Das Zeigen von „Jud Süß“ unterliegt bewusst einigen Hürden. Als Vorbehaltsfilm klassifiziert darf der NS-Film nur in Bildungskontexten gezeigt werden. Er muss darüber hinaus mit einem wissenschaftlichen Kommentar versehen sein. Die Kooperationsveranstaltung war dementsprechend eng mit dem Unterrichtsprogramm der Schülerinnen und Schüler abgestimmt. Die Geschichtskollegen des Elisabeth-Gymnasiums wurden im Vorfeld informiert, die Veranstaltung selbst gemeinsam mit den Schülerinnen und Schülern vorbereitet. Mit Prof. Niven stand uns dabei ein exzellenter wissenschaftlicher Ansprechpartner zur Seite. Das Elisabeth-Gymnasium bedankt sich bei Vincent Kleinbub, wie auch bei Prof. Bill Niven für die gelungene Kooperation.

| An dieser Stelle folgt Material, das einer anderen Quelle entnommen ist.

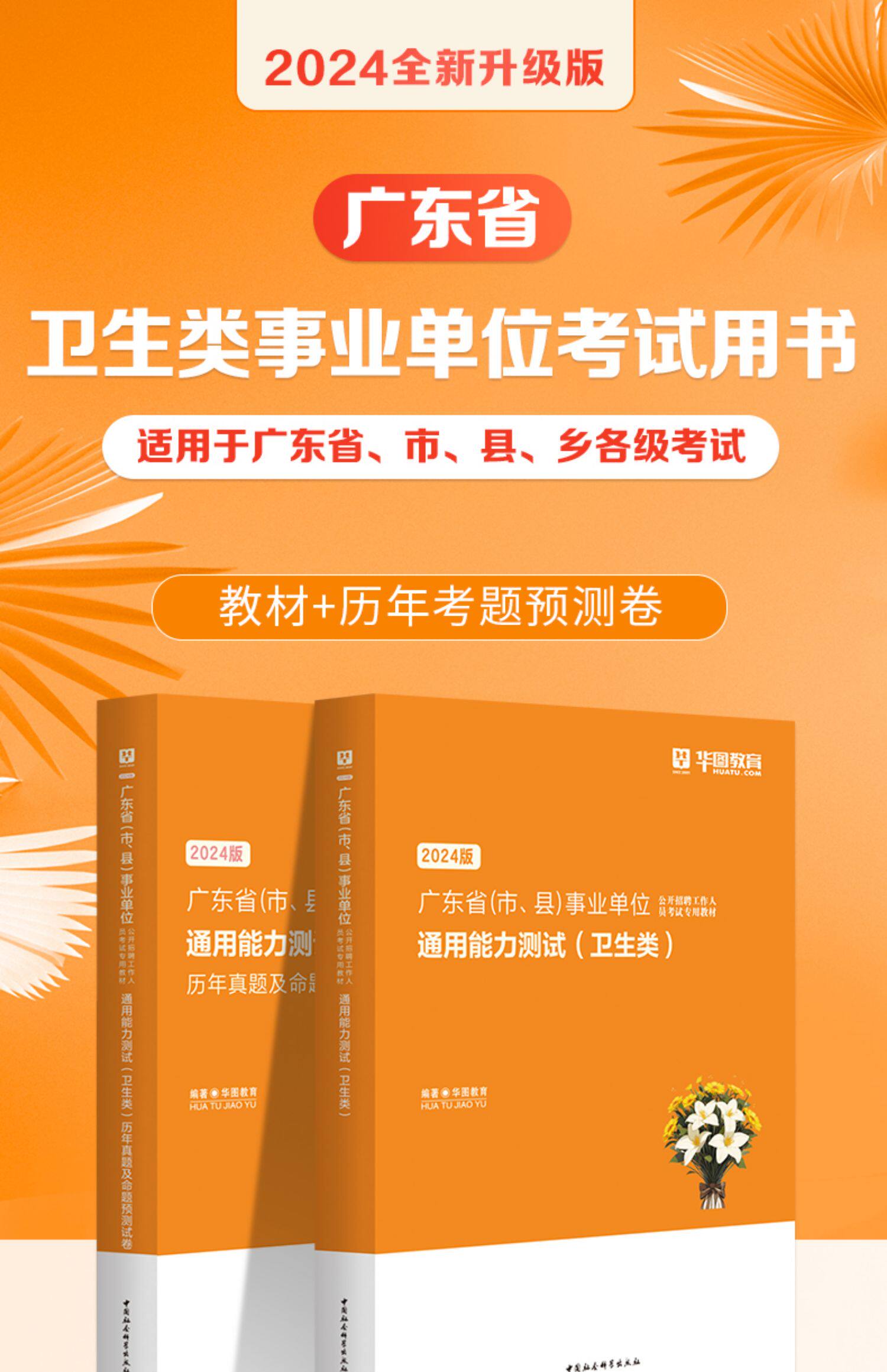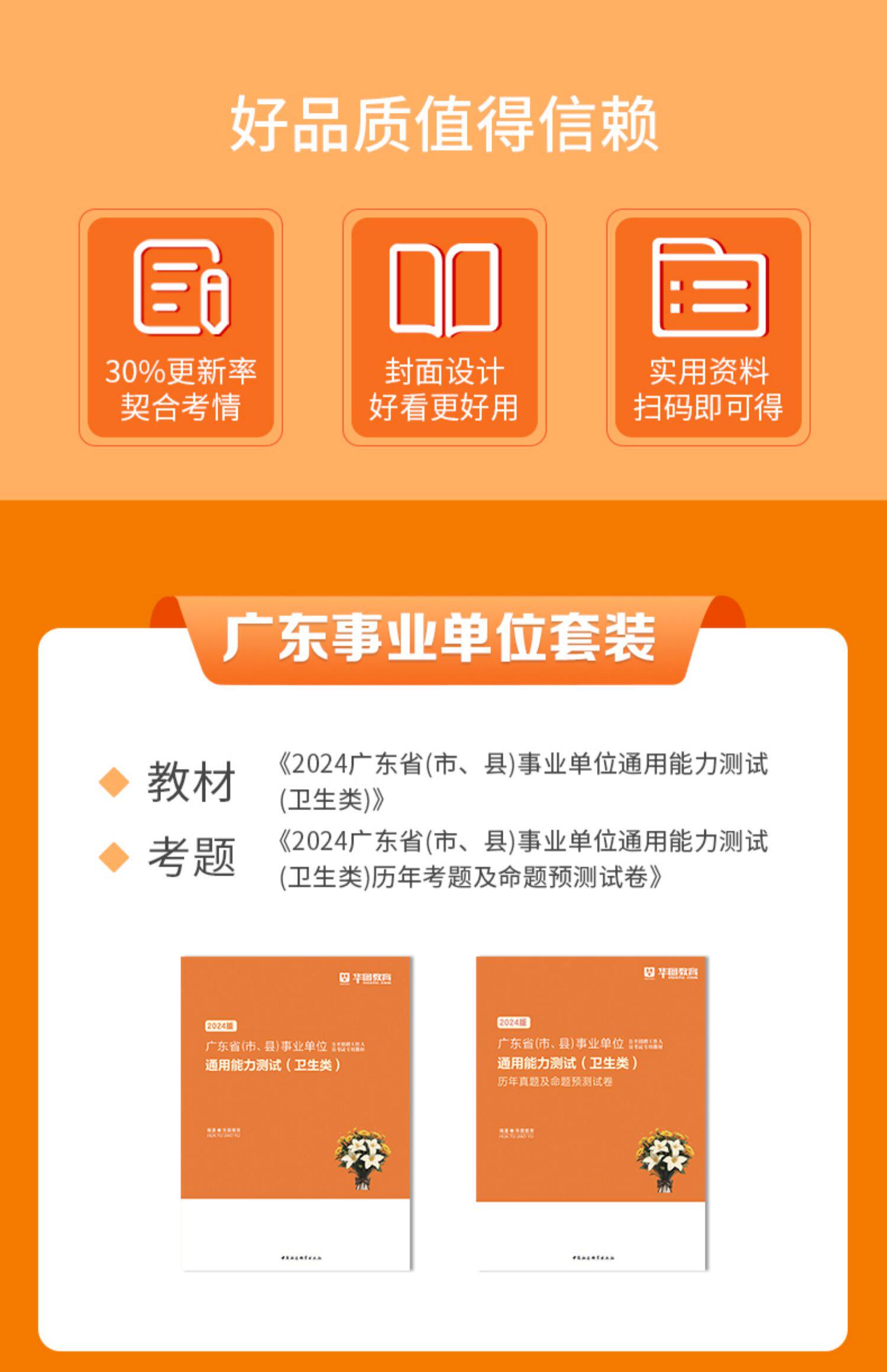 【华图图书】为您提供2024版广东省(市、县)事业单位通用能力测试(卫生类)教材+历年 2本,更多最新广东医疗卫生图书考试网校课程及视频请关注华图图书!

Bill Nivens Buch „Jud Süß – das lange Leben eines Propagandafilms“ (2022) ist über den Mitteldeutschen Verlag oder die Bundeszentrale für Politische Bildung erhältlich.

Als Vortrag und Diskussion im Frühjahr geplant wurden, ahnte niemand, wie durch aktuelle Ereignisse das Thema eine ungeahnte Brisanz und Aktualität erfahren würde. Der brutale Überfall der terroristischen Hamas auf israelische Zivilisten und noch mehr die seit Wochen anhaltenden antisemitischen Äußerungen und Hetzkampagnen, die in aller, breiter Öffentlichkeit stattfinden, machen sprachlos und verbreiten Entsetzen. Sich in dieser emotional hoch aufgeladenen Situation angemessen und sachlich zu verhalten ist vor allem deswegen nicht einfach, weil es meist an der notwendigen Kompetenz, meint die Kenntnis der Jahrtausende alte Geschichte des Nahost-Konfliktes, fehlt. Aus der Schülerschaft ist schon der Wunsch an uns herangetragen worden, hier aktiv zu werden. Das werden wir, und das müssen wir tun.

Ganz unbeabsichtigt geriet somit die Veranstaltung letzte Woche zu einer Art Auftakt für eine tiefergehende Auseinandersetzung mit dem Problem des Antisemitismus und seiner Geschichte.